Robert McKim’s book makes a compelling case about the bias in education and culture towards the Left Side: empirical, logical, word-based. To quote McKim….. “A major purpose of experiences in visual thinking is to gently take the symbolic left hand out of the cast in which society and education has immobilized it, to give it some exercise, and to put it to work in unity with the right.

- McKim observes …. “Computers cannot see or dream, nor can they create: computers are language-bound. Similarly, thinkers who cannot escape the structure of language, who are unaware that thinking can occur in ways having little to do with language, are often utilizing only that small port of their brain that is indeed like a computer.

Creative thinkers do what computers cannot.
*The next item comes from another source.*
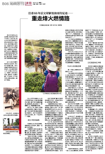 他们从广东、河南、北京等全国各地赶来,沿着66年前父辈(个别为亲历者)解放海南的烽火路前行。他们与生俱来的红色记忆深处,有一个名字叫——海南。

They abandon language when occasion demands and enter into other modes of thought. Specifically, creative thinkers are ambidextrous: they use the symbolic left hand as well as the right, the right brain as well as the left. Learning to think visually is vital to this integrated kind of mental activity. “

The point I am trying to make tonight is that your study of media will fail you if it provides knowledge of tools, of vocabulary, of precepts and procedures, and yet does not provide you with broadened skills and deepened awareness of Visual Thinking.